If there’s one skill that separates good salespeople from great ones, it’s listening. Not the polite kind where you wait for your turn to talk—but the kind where you actually absorb what’s being said and what isn’t.
I learned this lesson early in my consulting career.
Sitting across from executives, I realized that most weren’t looking for a pitch—they were looking for someone who understood.
Once they felt heard, they opened up about the real issues holding their business back.
Even later I was given a piece of advice that I have taken with me to every meeting, and which has given me great success with my sales hat as well as building better relationships with long term customers:
"When you are talking, THEY have control. When THEY are talking, you have control".
Think about it next time you are 50 slides into your presentation and the customer is texting on his phone.
Listening Builds Trust Faster Than Talking
In high-stakes enterprise sales, every word matters. Clients can sense when you’re more interested in closing a deal than solving a problem.
Listening flips that dynamic.

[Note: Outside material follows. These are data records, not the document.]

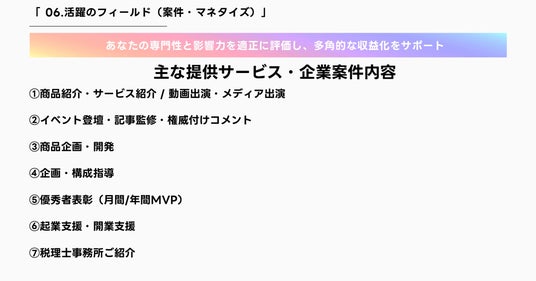 「シンサツマエ」では、案件提案にあたって事前審査の考え方を取り入れ、医療文脈において推奨しにくい案件を避ける姿勢を明確にしています。また、動画・企画・商品企画においても、医療の専門性や倫理性を踏まえながら進行することで、“伸びる発信”と“守るべき信頼”の両立を図ります。発信経験がまだ浅い方には基礎から伴走し、すでに一定の発信実績を持つ方には、より大きな認知や案件化、商品企画、事業化へつながる提案を行います。また、これから本格的にSNS発信を始めたい医療従事者でも参加しやすいよう、事務所への所属料金は無料とし、育成を前提としたサポート体制を整えています。事前に参画するマネージャーからのヒアリングによると、インフルエンサー事務所に所属すると所属費用等により、活動してもインフルエンサー本人の収支がマイナスになってしまうケースが少なくありません。このような理由で事務所を脱退してしまうことを回避すべく、Mediativeのその他事業収益から運営費用を捻出することで、無料で所属いただけるようになりました。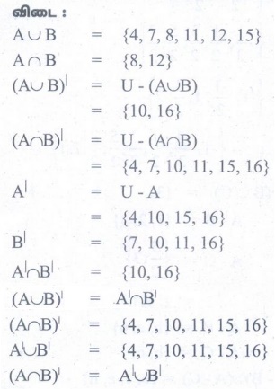 10. U = {4,7,8,10,11,12,15,16}, A={7,8,11,12} மற்றும் B = {4,8,12,15} எனில், டி மார்கனின் கணநிரப்பிக்கான விதிகளைச் சரிபார்க்க.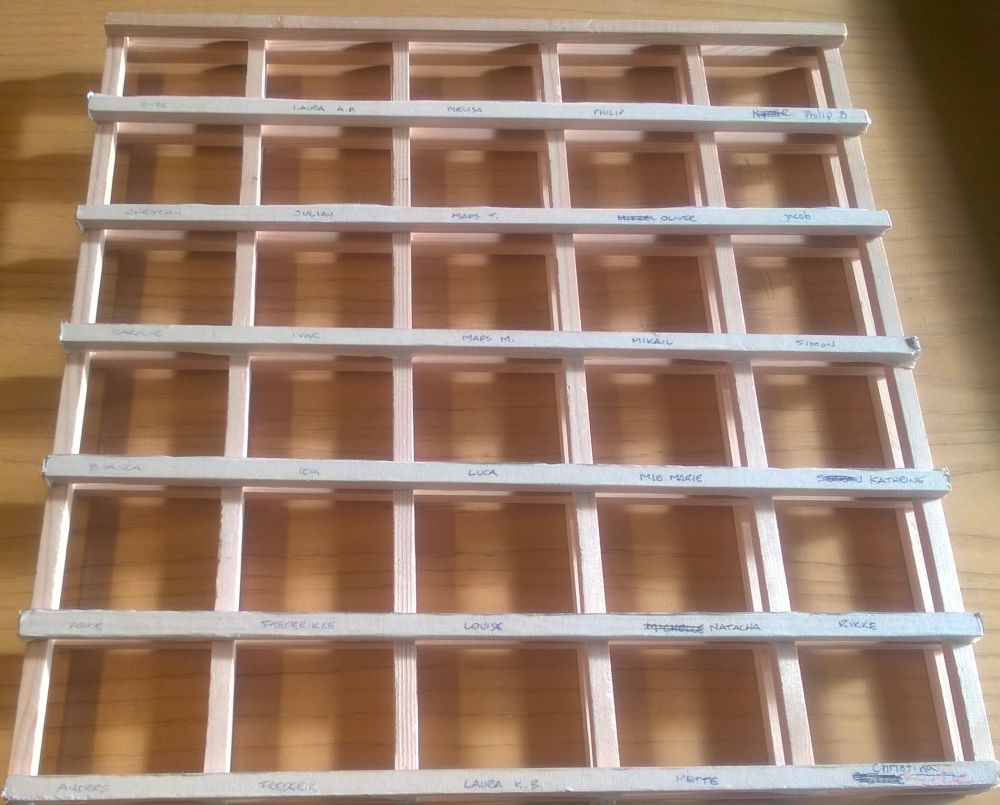 "Jeg havde altså en plan om at tage telefonerne fra mine elever som et forsøg. Derfor tog jeg i Silvan og købte en håndfuld ni-millimeter-lister. Efter et par timer havde jeg flikket en mobilholder sammen. Jeg skrev elevernes navne på, og hvis mobilen ikke blev stillet i holderen før timen, udløste det fravær. En lidt hård sanktion, men det er det våben, der er."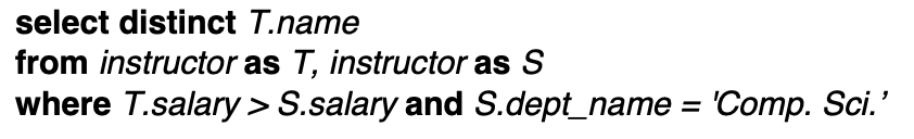 이러한 식으로 한 테이블 안에서 비교할 때 T, S라는 이름을 주어 비교할 수 있다. as를 생략해도 똑같이 작동한다. 긴 이름의 릴레이션을 짧게 바꿀 수 있으므로 효과적이다.
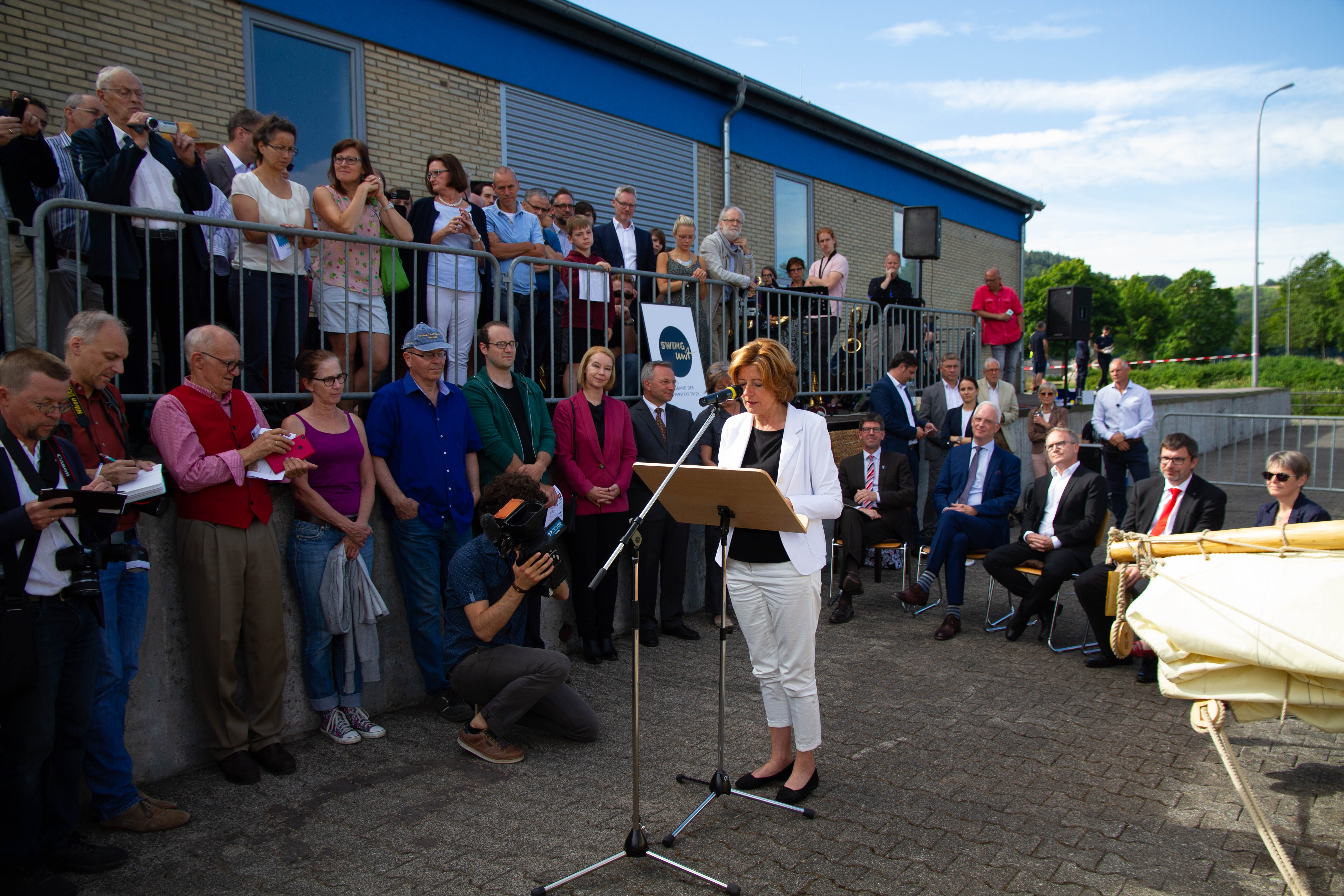 Römerschiff durch Schirmherrin Ministerpräsidentin Malu Dreyer auf den Namen „BISSULA“ getauft./Video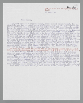 Hier valt weinig nieuws te melden. ik ben druk bezig met het persklaar maken van onze bloemlezing uit Leipoldt, door W.E.G. Louw gekozen en die bij Enschedé gedrukt zal worden. Het zal een mooi boek worden en je krijgt natuurlijk een ex. Hein ook. Ten slotte hoorde ik nog dat Ant zich mede aangegeven heeft voor vrouwelijk optreden in geval van gevaar: waar, lijkt mij nu, weinig kans op is. Dit onzinnige vredesvoorstel van HH moffen loopt natuurlijk op niets uit, maar bewijst weer hun verlangen naar vrede, dat wil zeggen: hun hopelooze zwakte.
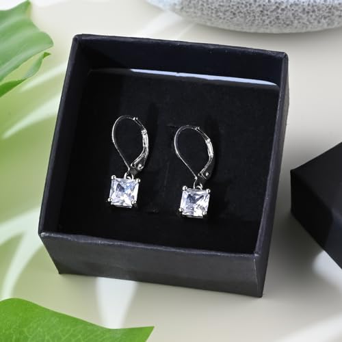 popular ! Cubic Zirconia Earrings Princess Cut Leverback Earrings Silver Dangle Earrings Drop Earrings Bridesmaids Earrings Diamond Earrings for Women

It signals respect, curiosity, and partnership.
It's not just about blurting out every bit of information in your great solution. In most cases, nobody cares.
Are you working out what's important to the customer? If so, what's the point, to quote Monty Python, of " droning on and on until you fall over backwards".
You can't listen and talk at the same time. And just getting to the end of your presentation is not a victory.
Listening isn’t passive—it’s active engagement. It’s taking notes, clarifying assumptions, and validating emotions. It’s also asking one more question when most people stop.
So. prepare, listen more and talk less. Focus on what's important, send the rest as an Appendix
The Power of Reflection
One of the simplest and most effective techniques I use is reflection—repeating back what I’ve heard in my own words. Something like, "So what I’m hearing is that your challenge isn’t just data accuracy—it’s that you’ve lost confidence in your forecasting.”
That one sentence can shift the tone of an entire meeting. Suddenly, you’re not selling—you’re collaborating.
A quick funny story on reflection, or people that can't.
Part of my role as a Managing Consultant was to review and career plan with more junior staff. Career Planning as part of your review, do you remember those days?
Anyway, I inherited this guy who was supposedly a superstar in the making, A+++++ as we say, and myself and his former manager, were giving him a six-monthly review.
All positive but one of the grades we gave him was a B in that he struggled to listen to other people and take advice.
Apparently, we had affronted him as he was, in effect, an expert at "Proactive Listening" and when people thought he wasn't listening in fact he was hyper listening and knew everything that was going on.
When we pointed out to him that this was all rubbish and all that it did was demonstrate that he really didn't listen, we spent the next hour trying to explain that a B was a good grade and we were just trying to help him.
It didn't end well as effectively, he was too busy talking to listen to the career advice we are giving him.
Footnote to this story. Coincidentally, I took over an account that he had been project managing and as he was A+++++ I expected great things.
We were, as normal, transitioning the team out after a while and a few days in, the new team knocked on my door and sheepishly asked if we could talk.
Apparently, the work we had done for this fabulous client over the A+++++ regime was terrible quality, poorly documented and possibly left us open to litigation.
It could be a coincidence, but someone who doesn't listen can hardly deliver what the client wants, or needs, and can put your own company in peril. Just a thought.
What Clients Actually Want
Every client wants three things:
- To be understood.
- To be respected.
- To be confident that you can help.
4. To be heard
5. For you to be the one they risk their career on as they trust you
Listening accomplishes all three in less time than any slide deck.
The Discipline of Quiet
In a world obsessed with automation and noise, quiet has become a competitive advantage. When you stop talking, clients fill the silence with insight—and that’s where the real opportunity lives.
At GBUS, we believe listening isn’t soft—it’s strategic. It’s how trust starts and how long-term partnerships endure.
Key Takeaway:
Sales success begins when you stop trying to impress and start trying to understand.